Precise day-ahead forecasts for electricity prices are crucial to ensure efficient portfolio management, support strategic decision-making for power plant operations, enable efficient battery storage optimization, and facilitate demand response planning. However, developing an accurate prediction model is highly challenging in an uncertain and volatile market environment. For instance, although linear models generally exhibit competitive performance in predicting electricity prices with minimal computational requirements, they fail to capture relevant nonlinear relationships. Nonlinear models, on the other hand, can improve forecasting accuracy with a surge in computational costs. We propose a novel multivariate neural network approach that combines linear and nonlinear feed-forward neural structures.

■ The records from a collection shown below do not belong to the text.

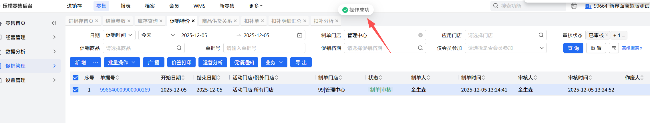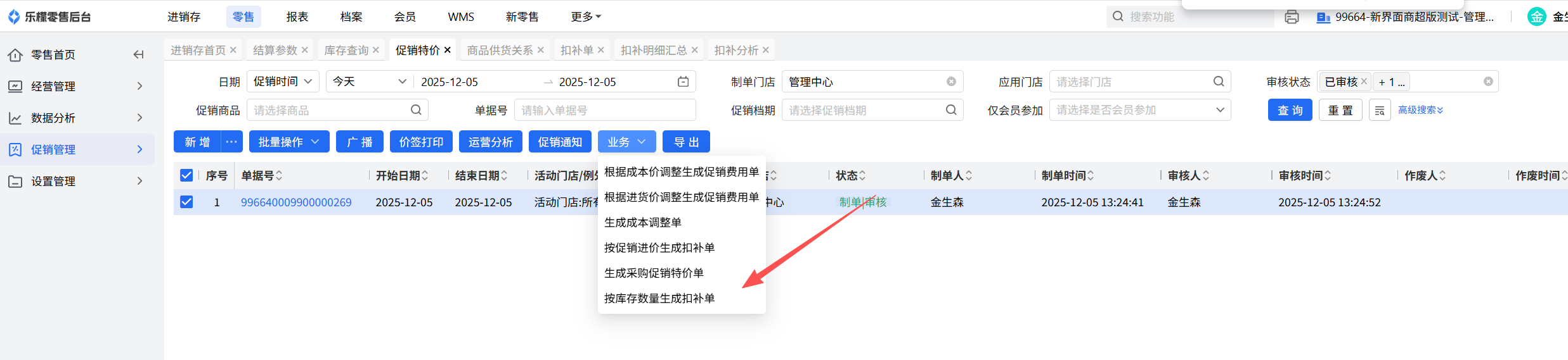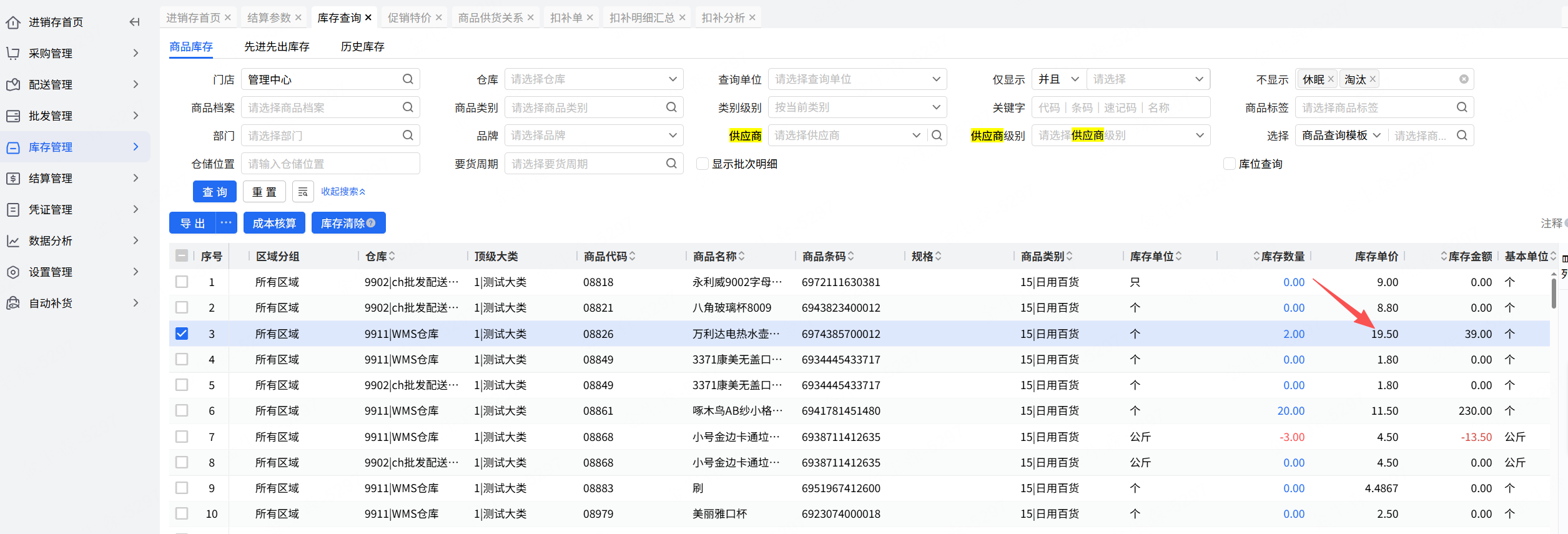 开启参数后,通过促销特价生成库存扣补单(仅商超)或者促销扣补单时,过滤库存成本单价小于等于促销进价的商品
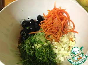 Сельдерей очистить и мелко порезать кубиками, добавить корейскую сорковь и мелко нашинковать укроп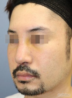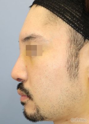 他院でアクアミドを繰り返し注入され、少し不自然に太くなってしまったので、アクアミドを除去し、また鼻筋を通しながら鼻先も高くしたいとのご希望で、鼻中隔延長術+隆鼻+眉間プロテーゼ手術を施行しました。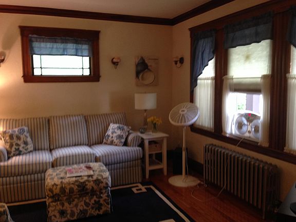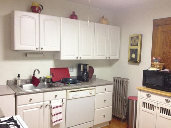 NO FEE on the Charles River, 2 BR, 5 RM apartment on the 1st floor of a two family on the Charles River, 3 blocks west of Watertown Square and bus lines. 2 bedrooms, renovated EIK with pantry, living room, dining room with built in china cabinet and one brand new bath. Refrigerator, gas stove, dishwasher, washer and dryer (in basement) Natural woodwork and hardwood floors through out; freshly painted Newer thermal windows and driveway Half of basement for storage; half of garage stall for bikes, canoes, etc. 2 porches including 1 enclosed Off street parking for 2 cars including 1 garage spot; plowing and lawn service provided. Most cats OK; may consider a dog non smokers only $2150 plus utilities avail April 15th or May 1 CLOSETS closets in both bedrooms plenty of kitchen storage space; pantry in kitchen, large closet in kitchen linen closet and broom closet in hallway large front entry closet additional storage in basement. DCR pool 5 houses down the street; buses to Harvard Square, Central Square, Kenmore Square, Waltham, Dedham, Newton and Xpress buses to downtown and south station No Smoking. Owner pays for water and sewer. Renter pays for utilities - gas and electric. Newer gas heat. Garage parking for one car, off street for the 2nd car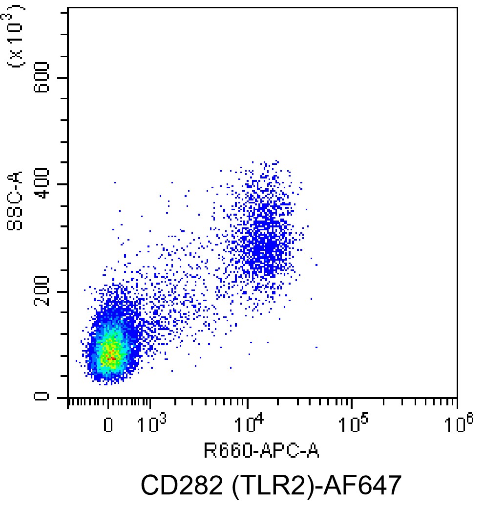 • Staining normal human peripheral blood mononuclear cells (PBMCs) with AF647 CD282/TLR2 Antibody (Clone: TL2.1) (Product Number: H3582). Analysis was performed on total live cells.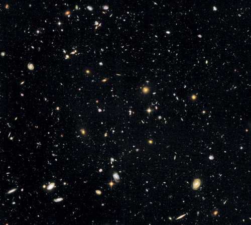«Сверхглубокое поле “Хаббла”» – «окно» в очень далекие регионы Вселенной. Почти каждая световая точка на этом снимке – это галактика, открытая, когда телескоп «Хаббл» снимал небольшие участки космоса (около 10 % диаметра полной Луны) с очень длинной выдержкой. Здесь можно различить детали этих относительно близких к нам, но все же очень далеких галактик, среди которых ясно выделяются спиральные и эллиптические. Однако определить формы и размеры самых дальних из них практически невозможно: на снимке это светлые и красные точки размером всего в несколько пикселей. Тем не менее обнаружение этих галактик крайне важно для науки, так как оно позволит узнать больше о том, какими были галактики в эпоху ранней юности Вселенной. Свет от самых дальних галактик, изображенных на снимке, возник, когда Вселенной было всего полмиллиарда лет. Через эту фотографию мы смотрим в прошлое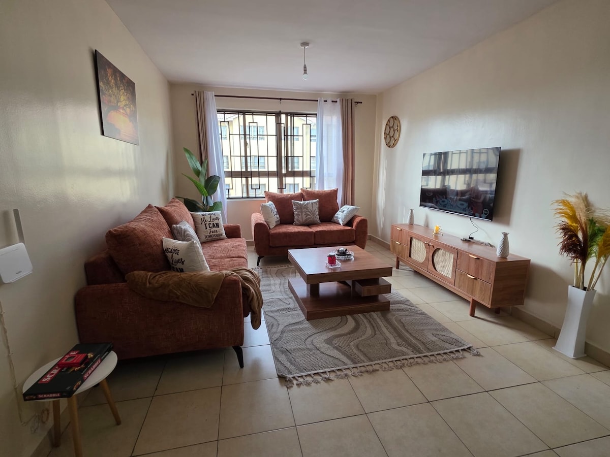 This unique place 9min to airport, has a style of its own. calm environment. Very clean. well furnished and modern fitting that are appealing, comfortable and would accommodate both a family and individual. Close proximity to the airport. SGR and malls. Host Has WIFI, Netflix and cleaning service, hence perfect to host for working individuals Relax with the whole family at this peaceful place to stay. comfortable orthopedic mattress/fresh clean & linens. The apartment building has 24/7 security.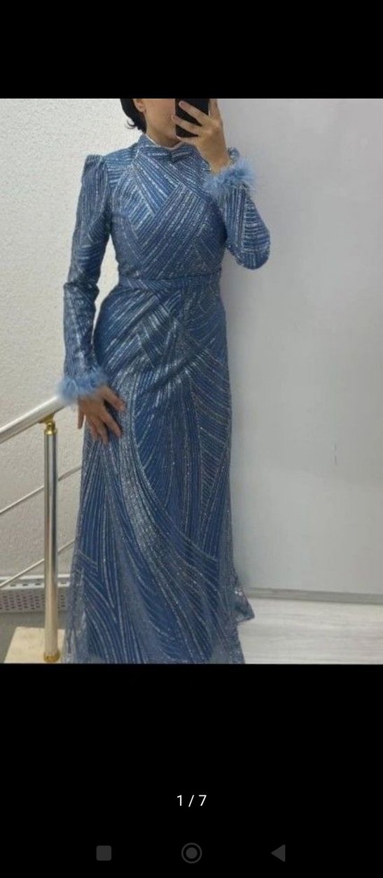 Uzun mavi abiye elbise, parlak batik desenleri ve drapeli tasarımıyla dikkat çeker. Uzun kollu, kayık yaka ve regular fit kesimlidir. ✨

Unlike previous hybrid models, our approach integrates online learning and forecast combination for efficient training and accuracy improvement. It also incorporates all relevant characteristics, particularly the fundamental relationships arising from wind and solar generation, electricity demand patterns, related energy fuel and carbon markets, in addition to autoregressive dynamics and calendar effects. Compared to the current state-of-the-art benchmark models, the proposed forecasting method significantly reduces computational cost while delivering superior forecasting accuracy (12-13% RMSE and 15-18% MAE reductions). Our results are derived from a six-year forecasting study conducted on major European electricity markets.